Wood framing to box all beams and pipes. Then drywall.

You ought to reconsider a suspended ceiling.


----------



## Kmikrot (Sep 30, 2012)

are suspended ceilings a good type of insulation?


----------



## FixItSteve (Sep 30, 2012)

I agree you should re-consider doing a drop down ceiling if the height of your basement permits, check your local code to find out what your minimum height from finished floor to ceiling is. acoustical ceilings give you a finished look and ease of access to pipping and electrical work.


----------



## GBrackins (Apr 26, 2012)

a dropped ceiling makes the most sense for a basement ceiling because as mentioned you have easy access to your mechanical systems and a finished ceiling. check with your building department for any code requirements for clear height from finish floor to finish ceiling in a basement.
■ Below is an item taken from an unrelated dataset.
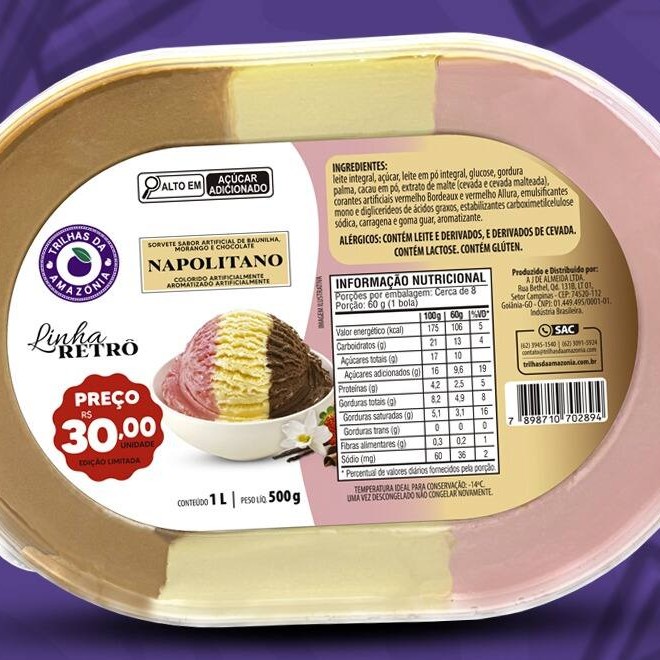 Três sabores clássicos em camadas irresistíveis: baunilha, chocolate e morango. Um sorvete que une famílias e gerações em cada colherada. Alérgicos: Contém Leite E Derivados, E Derivados De Cevada. (Obs: O valor de 30,00 reais, somente em uma Loja Física Trilhas da Amazônia)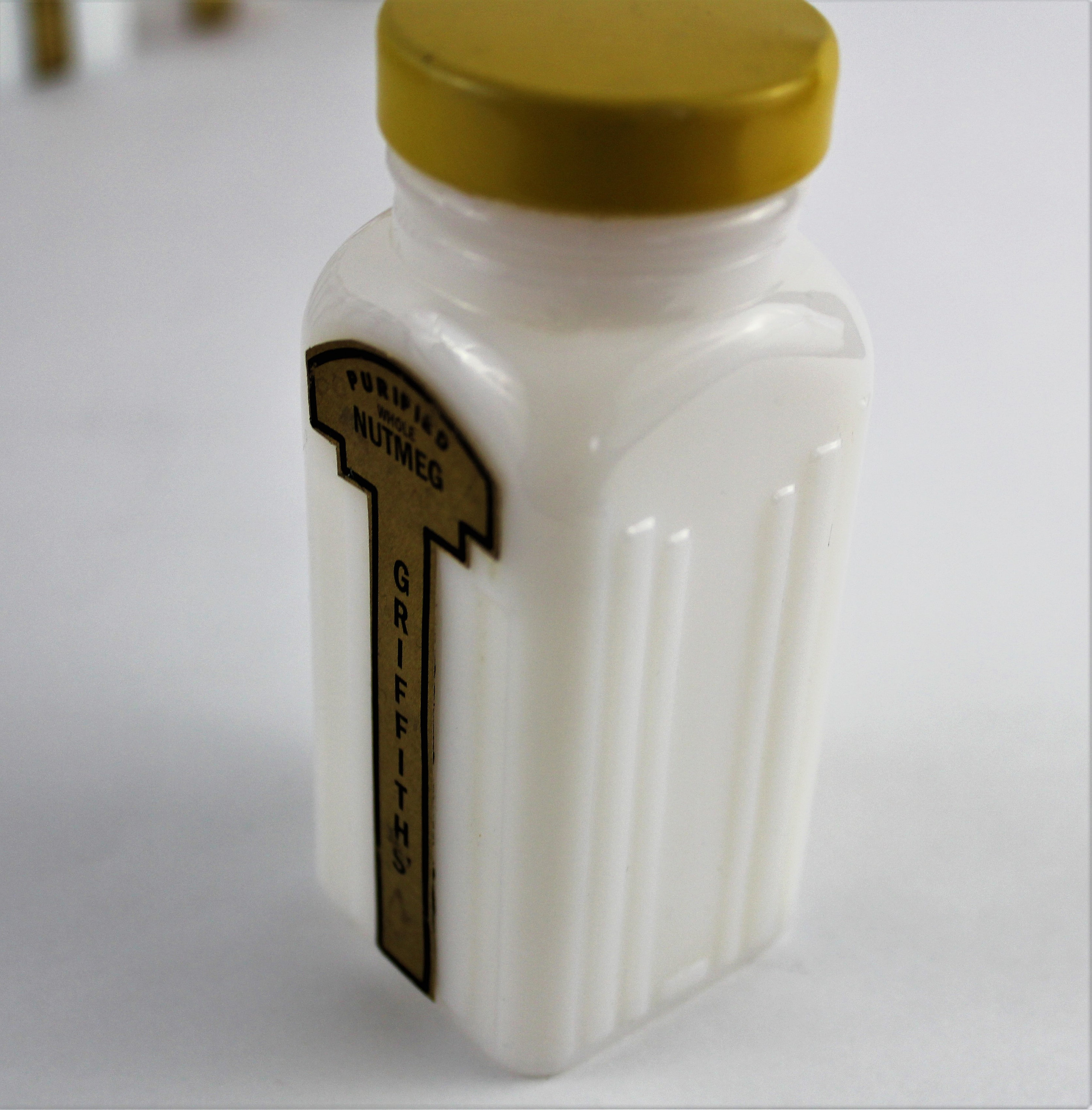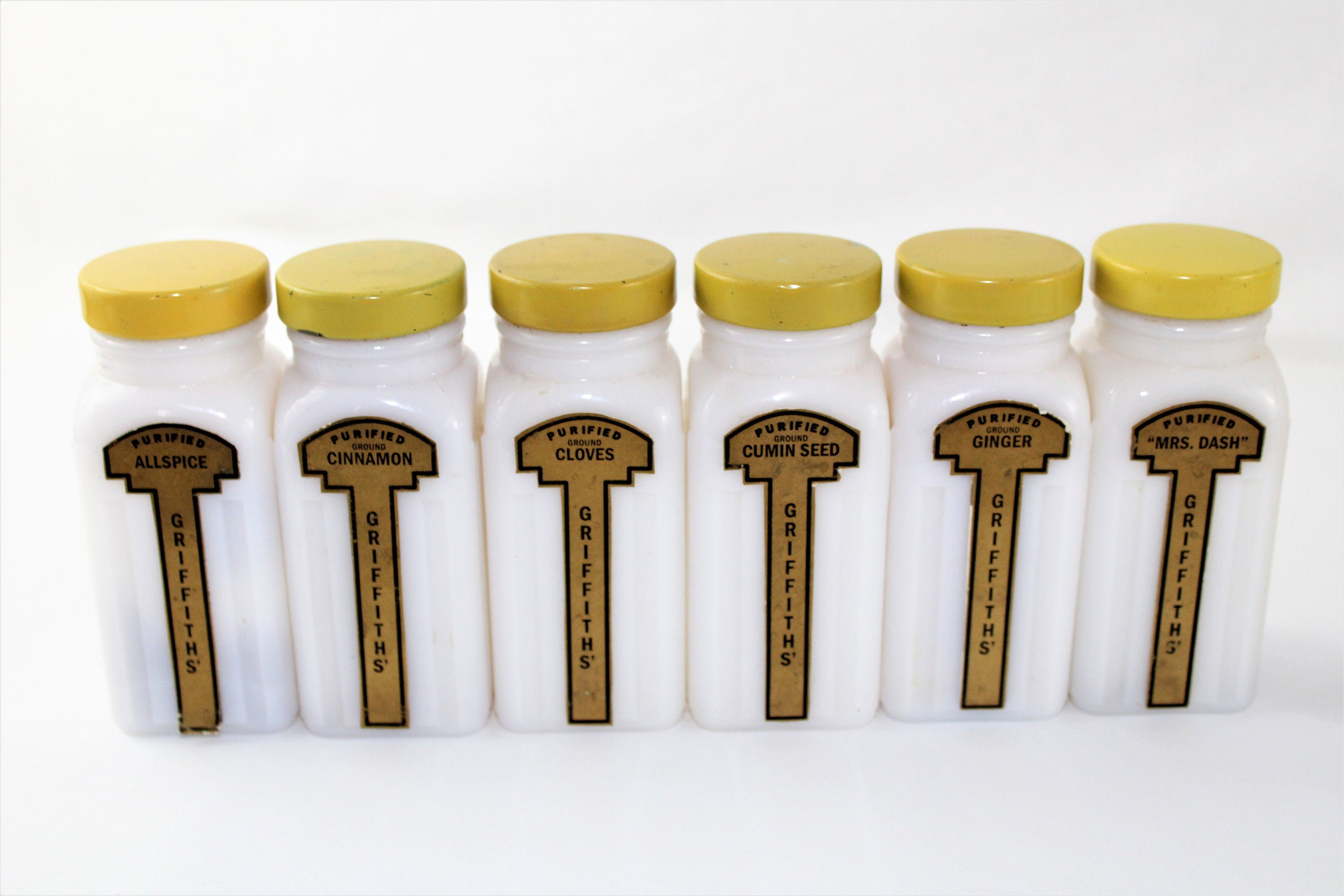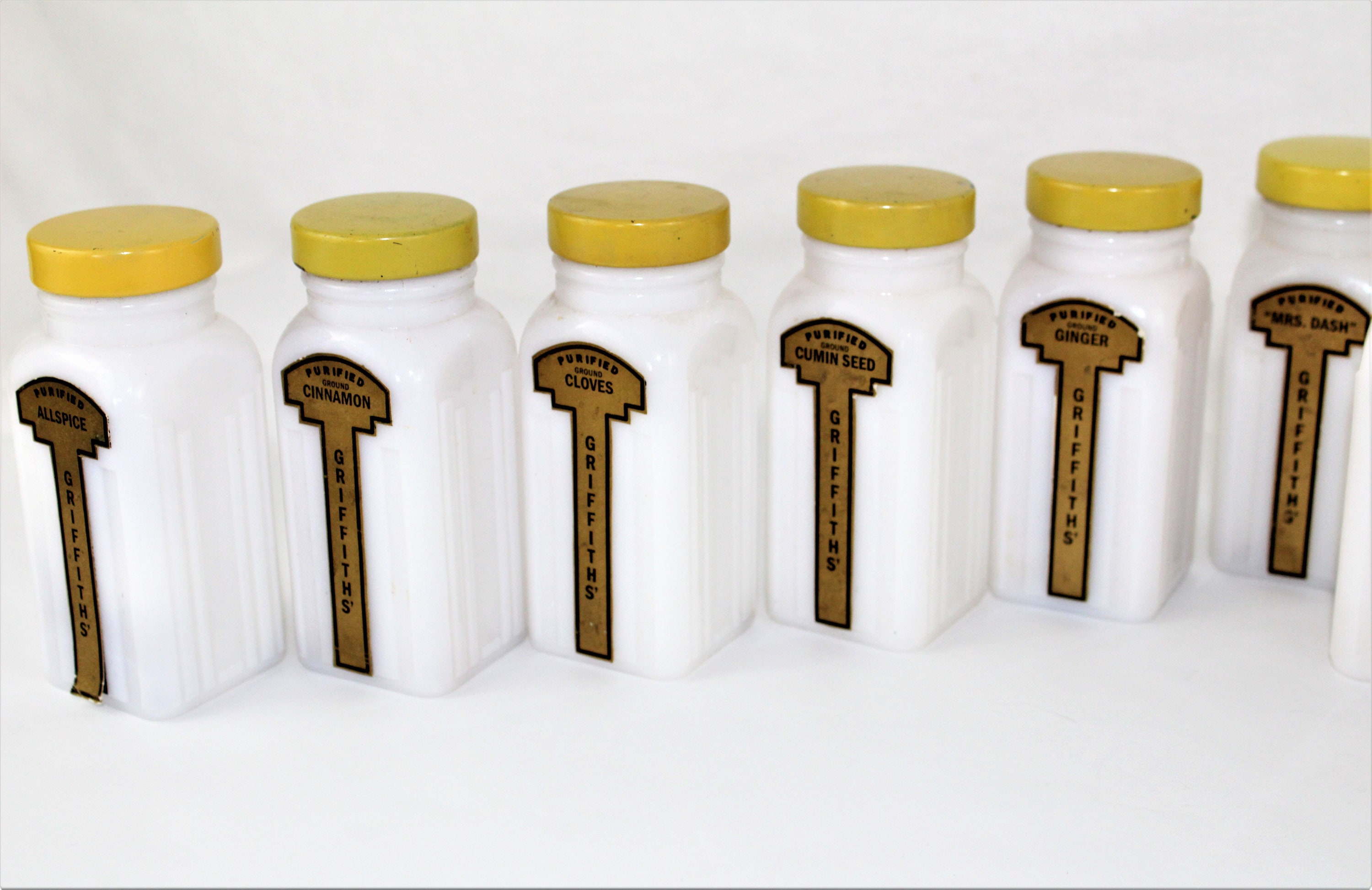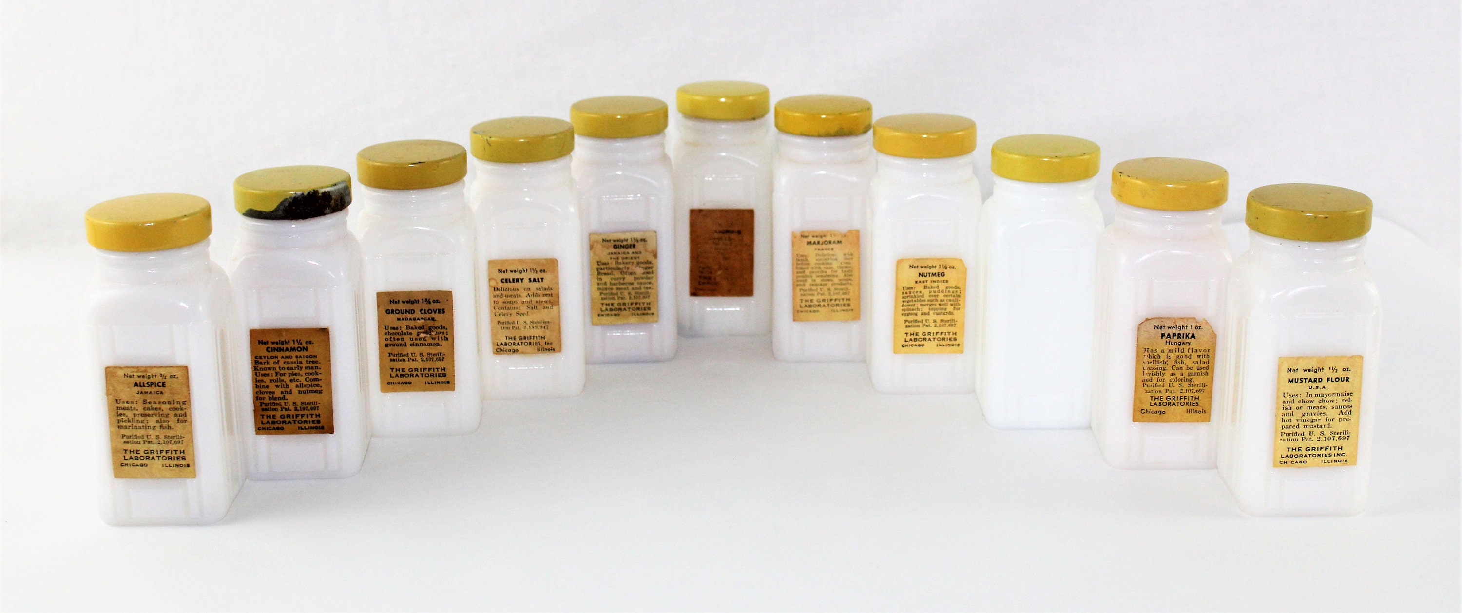 Wonderful original set of Griffith's Spice Jars made by the Griffith Laboratories Chicago Illinois. These spice jars where made from the 1930-1950s, made of milk glass with metal screw on lids. These are the original design of the jars with graduated raised columns on sides and back and inset pillars on the front.

check out this link and google as well http://www.armstrong.com/resclgam/na/ceilings/en/us/panels.asp

good luck!


----------



## hand drive (Apr 21, 2012)

Another way that I have done is to use the gridwork for a drop ceiling but hang drywall to the gridwork instead of dropping in acoustical ceiling tiles. This requires lots of grid wire to hang the grid from and to hold the weight of the drywall. Using the grid you end up with really nice straight framing that can cover a long span(with correct tie wire of course) and the width of the framing material is not thick at all when compared to using a 2x6 or 2x8...


----------



## Canucker (May 5, 2011)

There are options if you don't want to lose ceiling height
http://www.ceilinglink.com/


----------



## Amateuralex (Mar 17, 2012)

We have a fairly standard basement ceiling with joists, ducts etc, 8 ft to the joists, and we tidied up the electric, installed pot lights all over, and had the entire thing painted flat black. We love it. Way more headroom. Looks great. We despise the look of a suspended ceiling. And the ceiling tiles that don't look like the cubical farm that I work in are very expensive.

Painting it black looks industrial and modern. It wasn't oppressively dark or anything. The ceiling lighting is important. And we still have easy access to the ducts and pipes etc for maintenance. And if we decide to frame or suspend it later we can with ease.


----------